What exactly do you believe is different about an embryonic stem cell and an adult stem cell? I will give you a hint, one is an undifferentiated cell among differentiated cells that is pluripotent and one is an undifferentiated cell that is pluripotent. Why has this gone on for so many pages?

Have you really been sitting around all this time, thinking that whether or not researchers use embryonic or adult cells is just a matter of personal preference? Good grief.

What are the similarities and differences between embryonic and adult stem cells? [Stem Cell Information]

Well, thanks for the confirming link, appreciate it. Other than that, I never said anything about personal preference. Good Grief!
 
Again, you are comparing apples to apples. Can we at least get that clear? The only difference is where they come from.

Are you saying that embryonic and adult stem cells are no different? All the information I've ever seen has claimed that there are definitely differences between the two.
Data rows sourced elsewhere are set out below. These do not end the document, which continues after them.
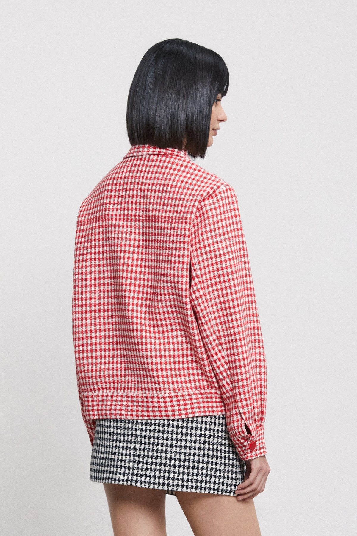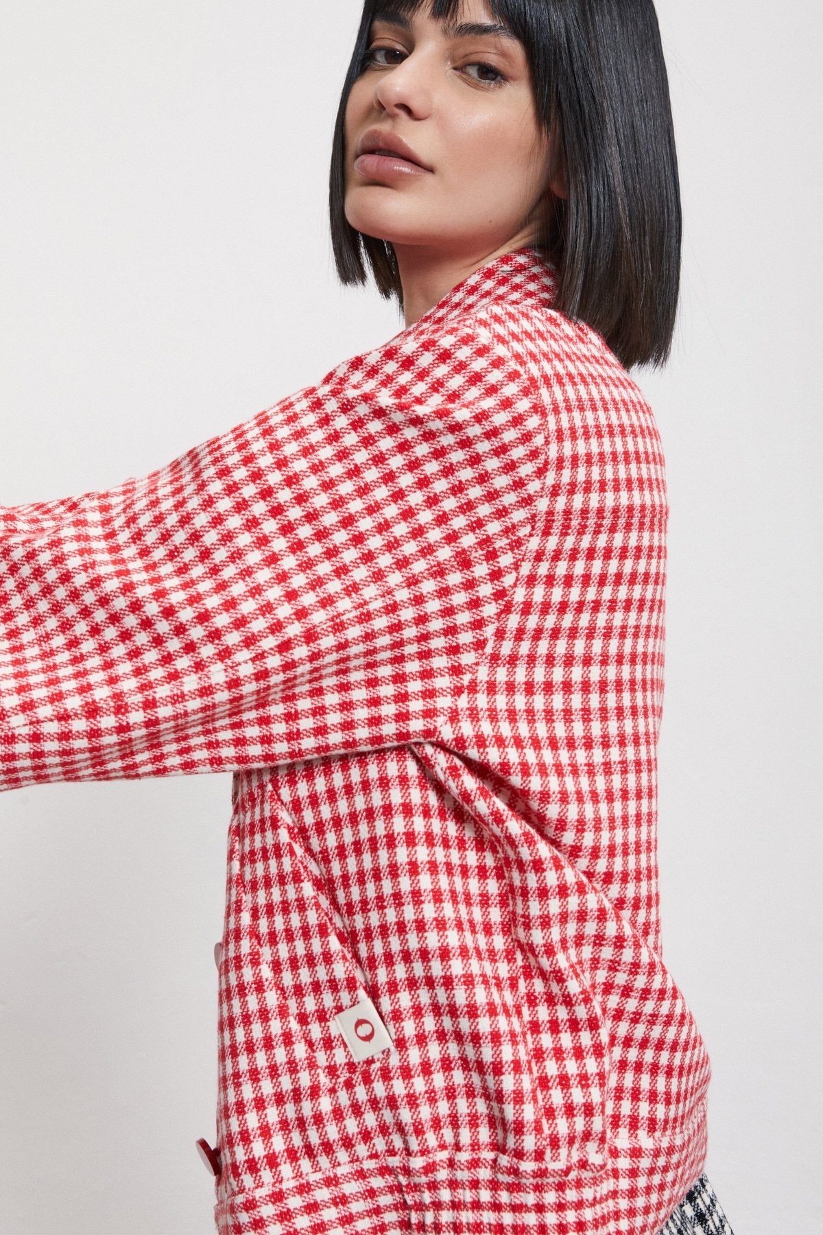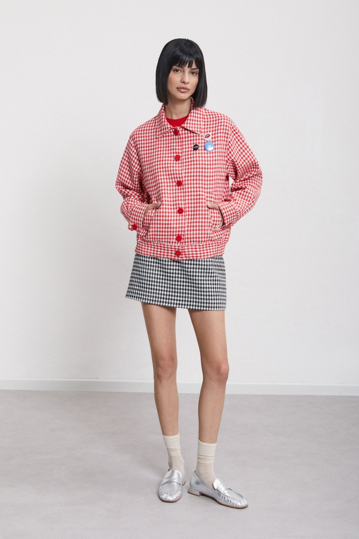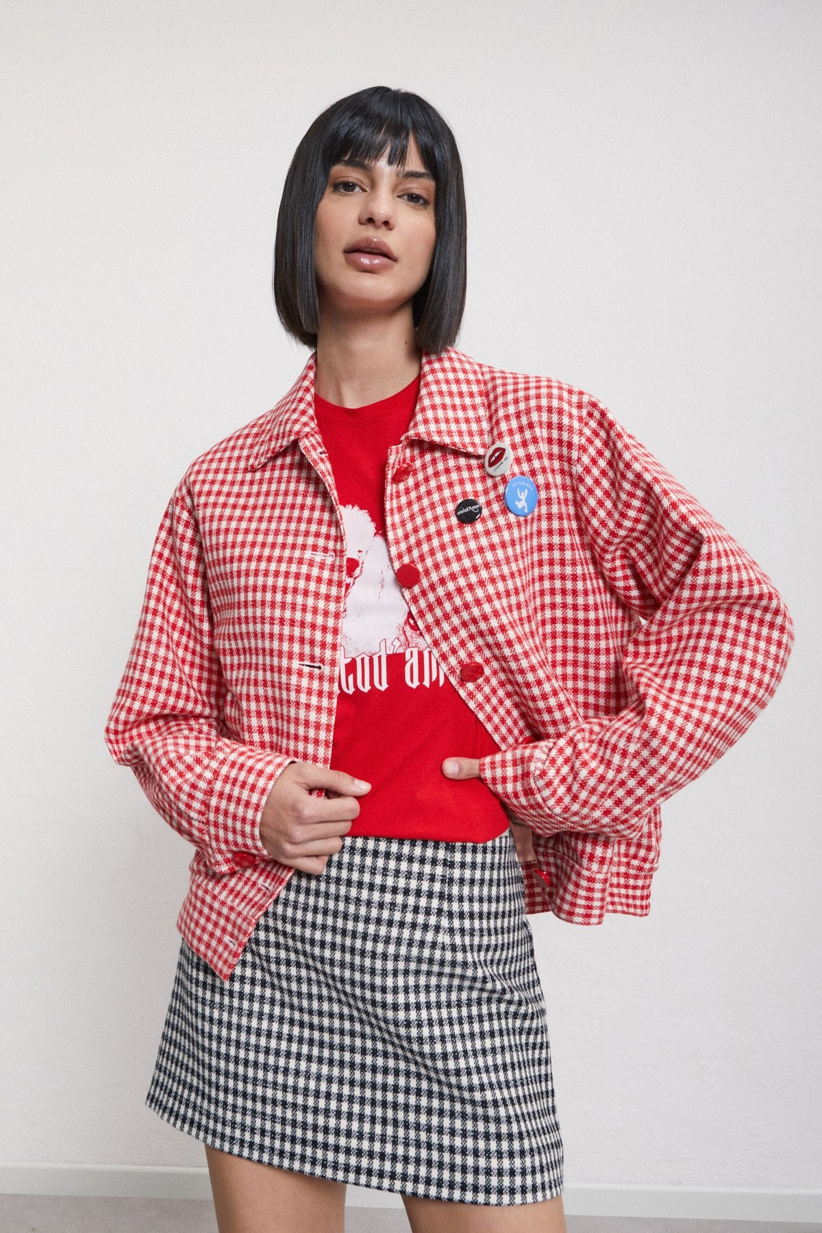 Rinnova il tuo guardaroba con lo stile unico di questo giubbotto a quadretti. La stampa vichy, i bottoni e le spille con logo lo rendono un capo elegante e originale. Aggiungi un tocco di classe ai tuoi outfit con questo giubbotto di qualità.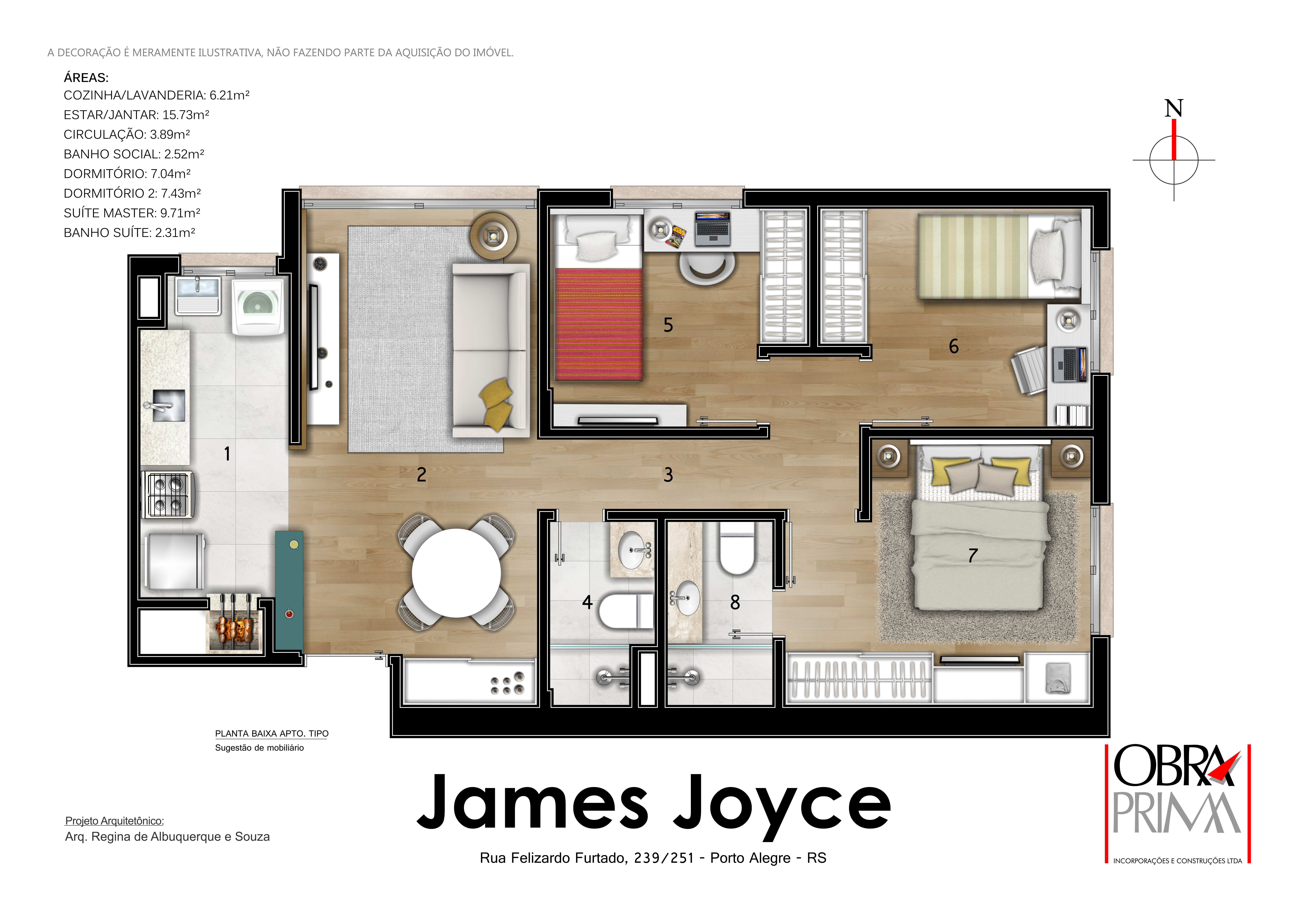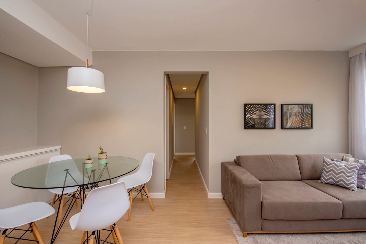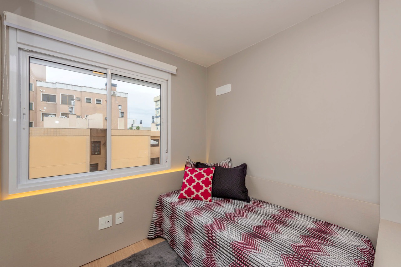 - Apartamentos com 3 dormitórios, sendo 1 Suíte no Dormitório do Casal, Sala de Estar/Jantar, Banheiro Social e Cozinha Americana com Churrasqueira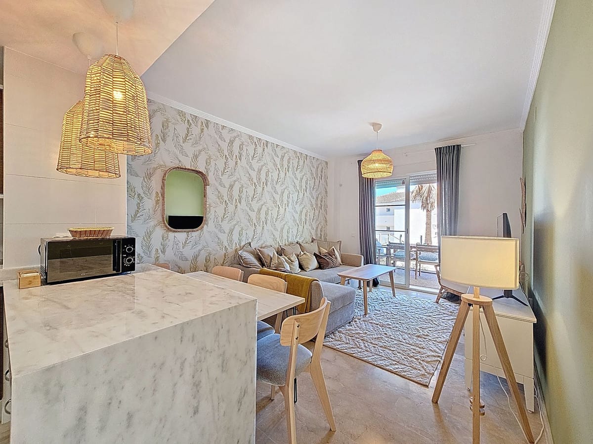 Discover this charming three-bedroom ground-floor apartment located in the peaceful residential complex Small Oasis, just a few minutes from the beach and Puerto de la Duquesa. The property offers approximately 87 m² built and features a welcoming entrance hall, a bright open-plan living and dining area with direct access to the terrace, a fully equipped kitchen, three bedrooms, a complete bathroom, and a guest toilet. It enjoys two private terraces, ideal for outdoor dining or simply relaxing in the sun, with direct access to the beautiful communal gardens of the urbanization. The complex offers a quiet and green environment with easy parking and excellent connections: only five minutes by car from Puerto de la Duquesa, ten minutes from Sotogrande Marina, fifteen minutes from Estepona’s old town, and about a twenty-five-minute walk to the beach. A new pool area with gym and on-site restaurant is currently being built, adding even more comfort and lifestyle options to the existing communal pool and landscaped gardens. This property makes an ideal holiday home, investment opportunity, or permanent residence on the Costa del Sol.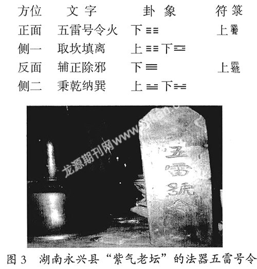 2008年正月,笔者家父不幸病逝。3月上旬,家人为他作了场“两日三宵”的道场。在道场现场,我发现了道士的法器中竟然也有一方以桃木制作的“五雷号令”(图3)。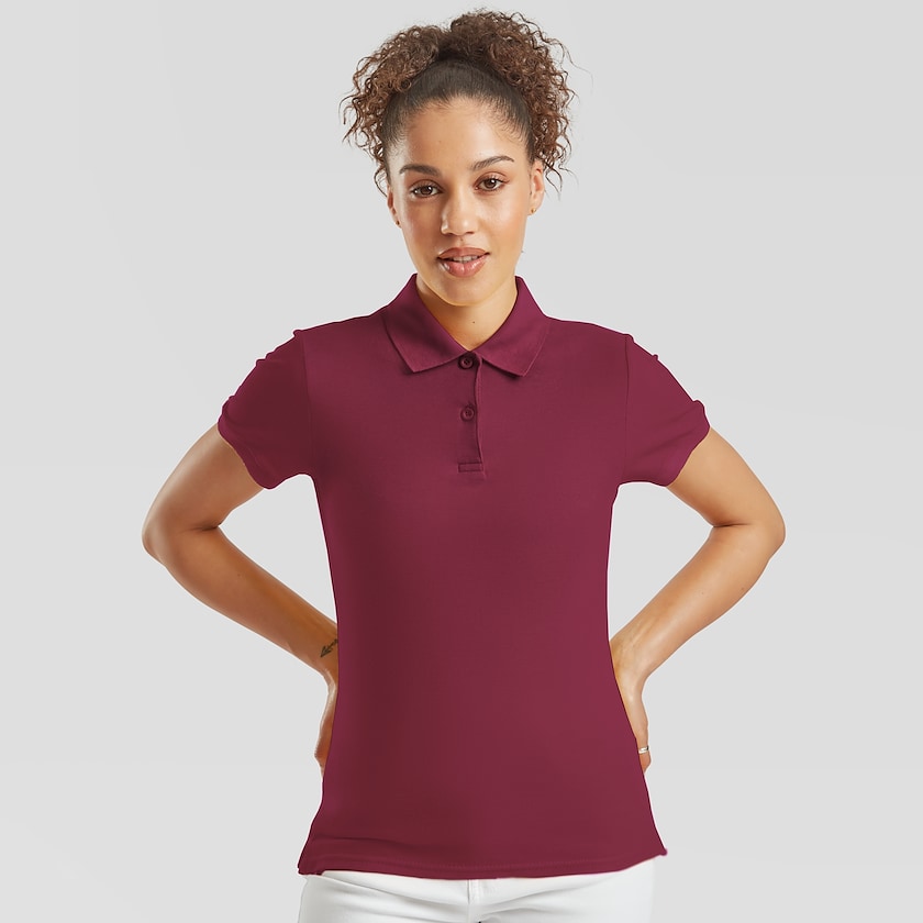 Polo moulant modèle femme Fruit of the Loop. Le FOTL Lady-Fit Premium Polo est fabriqué en 100% coton d'une épaisseur de 180g/m². Livré sous emballage plastique individuel. Également disponible en version version homme.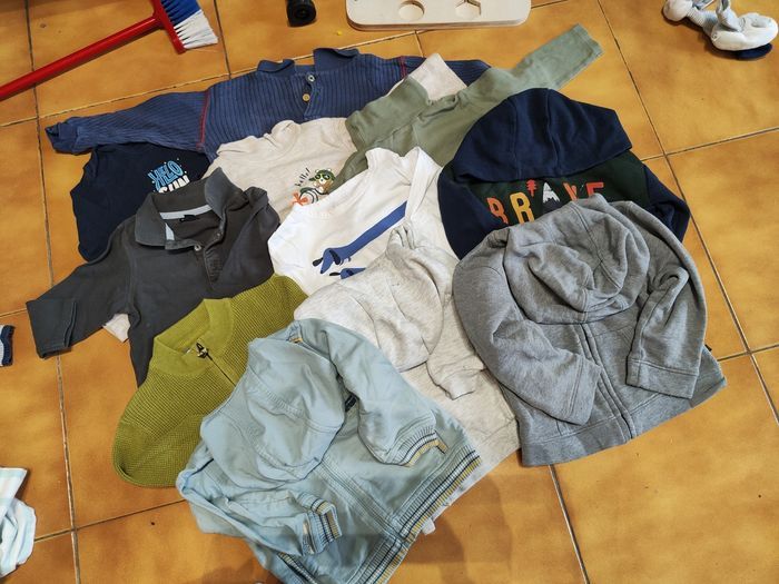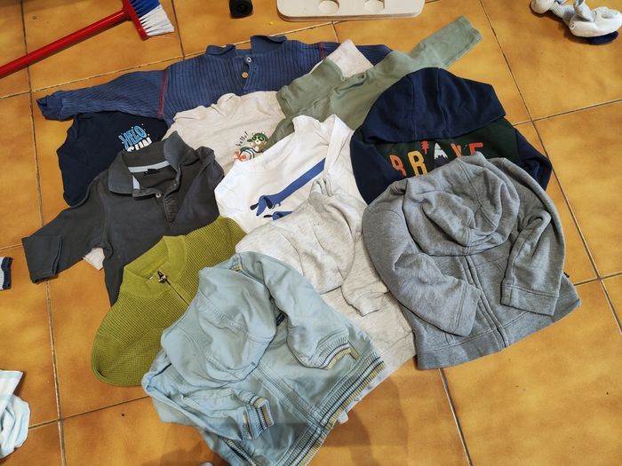Dans ce lot il y a 3 vestes à manches longues dont 2 avec capuche, 7 t-shirts à manches longues et un body manches longues en bon état.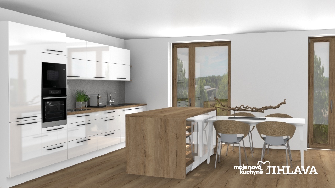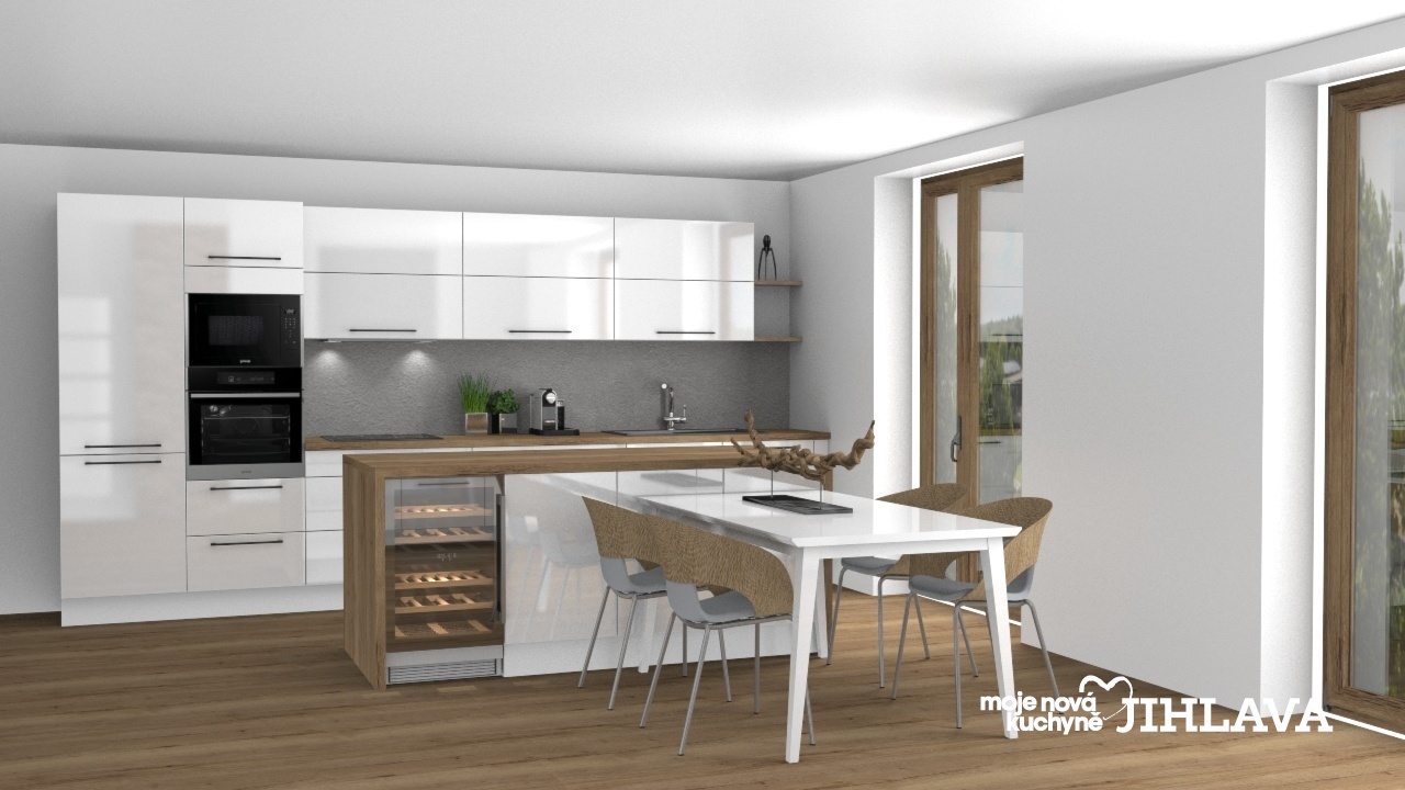 Varná a mycí zóna je situovaná u stěny spolu s vysokými skříněmi, vestavná chladnička a panel s dotykovou mikrovlnnou troubou a troubou o objemu 71 l.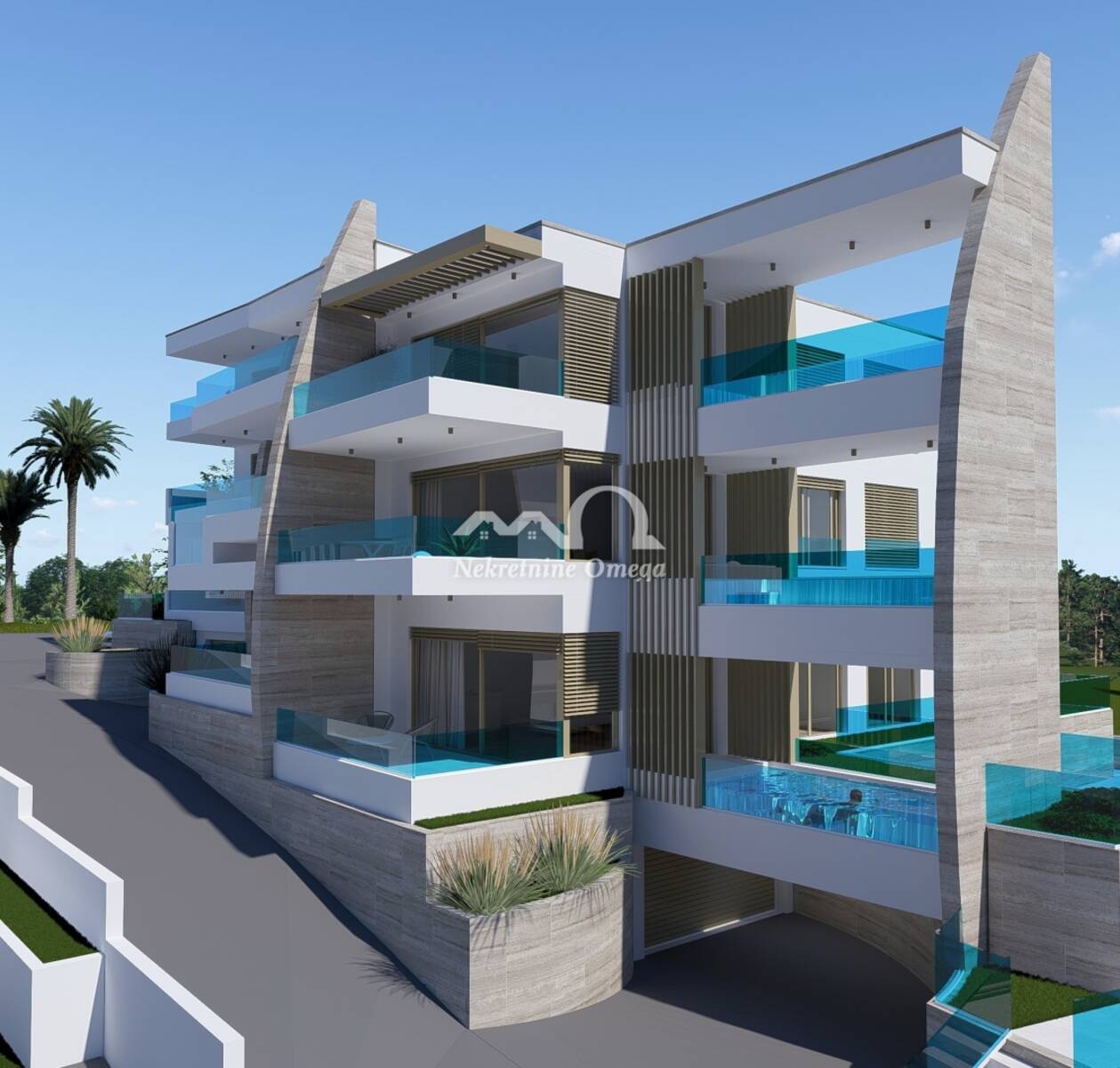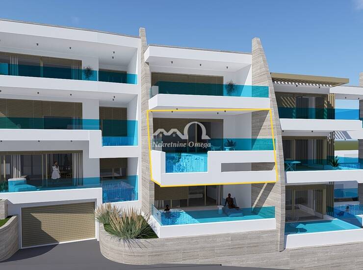 Prodaje se luksuzni dvosobni stan površine 91,33 m², smješten na 1. katu ekskluzivne novogradnje na samo 20 metara od mora u mirnom mjestu Grebaštica, nadomak Šibenika.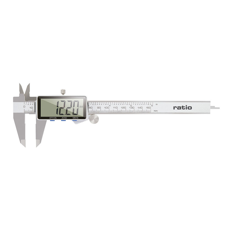 Este modelo digital de RATIO de 150 mm y bocas de 40 mm está fabricado en acero inoxidable endurecido. Destaca por su precisión extrema de 0 01 mm. Cuenta con doble medición, en milímetros y pulgadas, y permite efectuar 4 tipos de mediciones: exteriores, interiores, profundidades y alturas. Se presenta en estuche de plástico protector, incluye 1 pila de botón CR2032 3V. Norma DIN 862. Se presenta en una caja.

Of course there are differences. The main one is that, unlike what Furthur says, adult stem cells are NOT considered to be "pluripotent". They are, rather, considered to be "multipotent". It's the main reason that they appear to be much easier to control and made to do what the researchers want, rather than going wild and creating teratomas, the way embryonic stem cells have been known to do.

That is true, though we use hematopoietic stem cells because they have the most potential to be pluripotent, IE we can force them to become other cell types easily because they express the most proteins and genes. Other than that, adult stem cells can only become the same type of tissue they were derived from, again why the hemaopeitic stem cells. If it is better to have mulipotent cells, then why do we go for blood cells and force them to become other cells? I do not agree that researchers think it is better to have them at all.